Kata tawahhum berarti berpikir, menduga, dan mengira. Kata ini berasal dari kata wahm, yang berarti memutarbalikkan sebuah gagasan dalam jiwa seorang atau memahami ide-ide yang salah, terutama yang berkenaan dengan pengalaman-pengalaman yang menimbulkan ketakutan yang berlebihan, menimbulkan stress, atau kecemasan. Secara umum,

wahm berhubungan dengan penyimpangan persepsi sensoris, mirip dengan

konsep ilusi dalam psikiatri dan psikologi Barat.

Dalam psikologi Sufi, ilusi dibagi menjadi beberapa tipe.

a) Instinctual. Ini merupakan perilaku bawaan sejak lahir untuk bertahan hidup, seperti menghisap, memegang, dan mengedipkan mata. Perilaku ini mirip dengan pemahaman kita sekarang tentang refleks-refleks awal pembawaan sejak lahir.

b) Experiential. Ilusi ini mengacu pada pengalaman masa lalu individu, baik yang sifatnya menyenangkan atau menyakitkan. Kesenangan atau kesakitan dapat berhubungan dengan bentuk, bau, konsistensi, atau aspek-aspek lain dari stimulus tertentu. Manusia atau binatang, ketika dihadapkan pada suatu stimulus, akan tertarik atau tidak tertarik (menolak) pada stimulus itu tergantung pada pengalaman masa lalunya. c) Associative. Ilusi-ilusi ini berasal dari ilusi instinctual atau experiential yang ada suatu waktu terekspresikan dalam wujud inspirasi baru atau daya keratif.45

4) Kemampuan Memori (tazakkur)

Tazakkur, berarti mengingat atau menyimpan dalam ingatan, berasal

dari kata “zikir”, berarti ingatan. Menurut Ibnu Sina, memori adalah suatu hal yang khas dalam kehidupan manusia. Binatang mempunyai kemampuan untuk mengalami kembali persepsi sensoris, asosiasi, imajinasi, dan ilusi. Walaupun begitu, binatang tidak mempunyai kemampuan kognitif untuk mengingat atau mengingat kembali pengalaman masa lalu. Ibnu Sina menyatakan bahwa kemampuan kognitif untuk mengingat ternyata berhubungan langsung dengan kemampuan bahasa, yang merupakan fungsi kemanusiaan.46

45 Ibid, Mohammad Shafii, Psikoanalisis Dan Sufisme.., hlm. 18.

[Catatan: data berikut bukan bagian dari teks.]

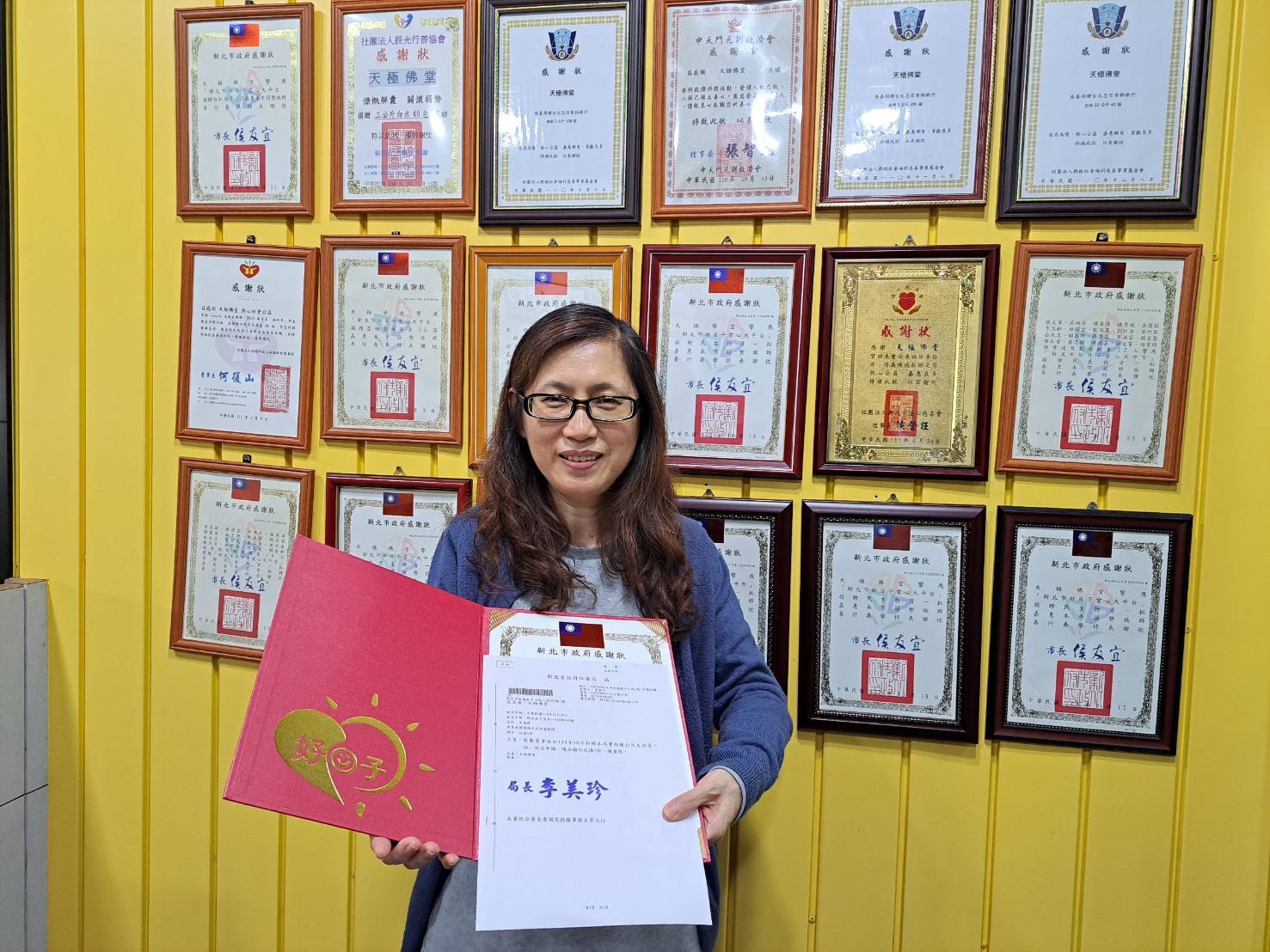 ▲新北市社會局實物銀行督導許紋諪特地將感謝狀送到天極佛堂 感謝近4年來持續捐贈物資。(圖/新北市社會局 提供)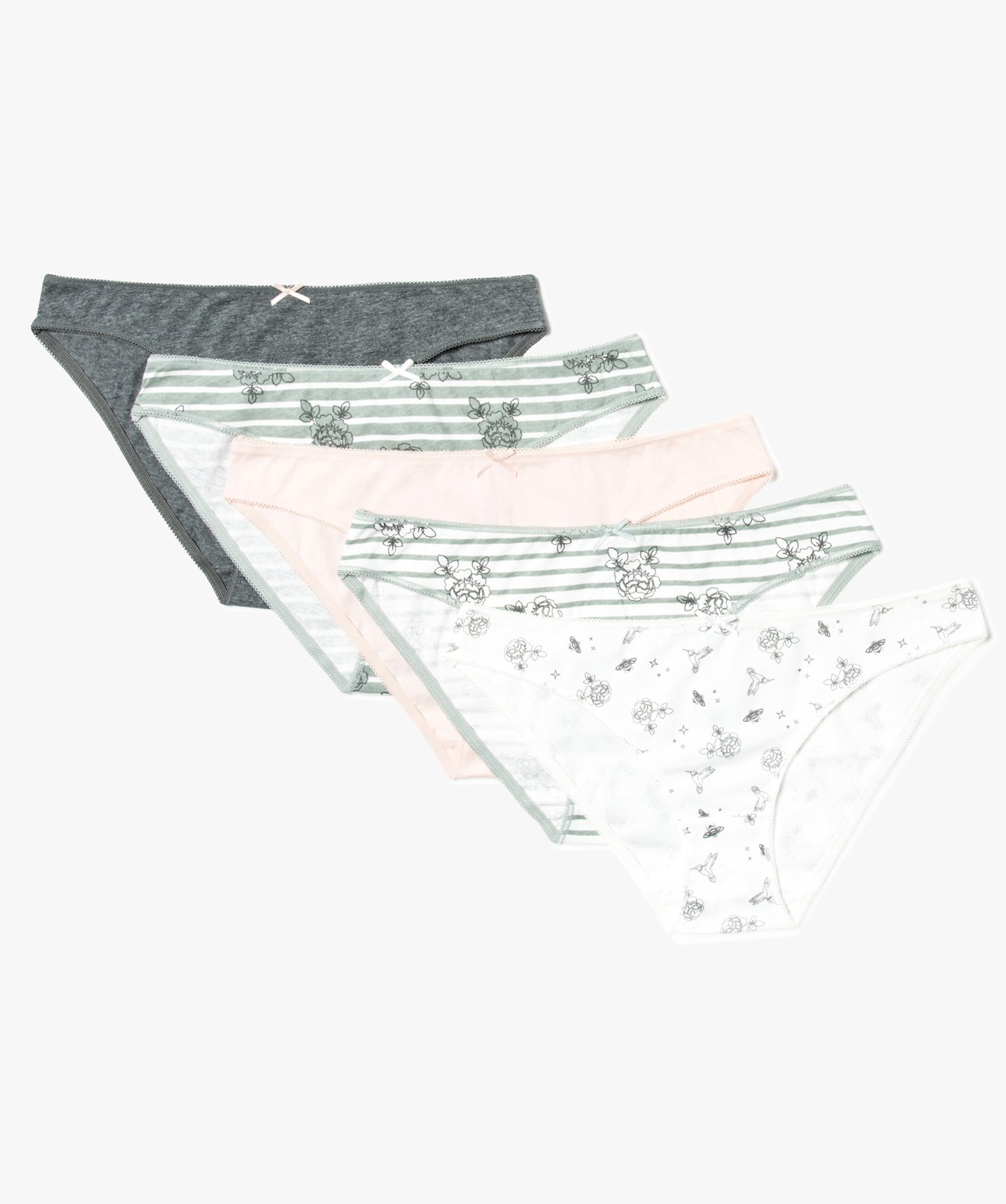 Lot de 5 slips en coton avec finition dentelle vert clair

Menurut ahli Sufi, memori atau kemampuan untuk memunculkan kembali dan mengingat pengalaman terdahulu, adalah sebuah peluang bermata dua. Pada satu sisi dapat membantu mengingat pengetahuan, mengembangkan rasionalitas dan berpikir menggunakan kecerdasan. Tetapi di sisi lain dapat merintangi integrasi kepribadian lebih jauh karena dapat menimbulkan kebangaan terhadap diri sendiri yang berlebihan.47 Ada bahaya ketika orang melihat dari sendiri sebagai makhluk yang benar-benar berbeda dan unik di antara semua makhluk yang ada di alam dan merasa diri sebagai penguasa di alam semesta. Terlalu memfokuskan diri secara berlebihan dengan pikiran yang rasional dan berpikir dengan menggunakan kecerdasan akan menimbulkan perasaan keterpisahan sebagai akibat dari adanya delusi dan keterasingan dari kehidupan manusia lain, keterasingan dengan alam, dan keterasiangan dengan Tuhan.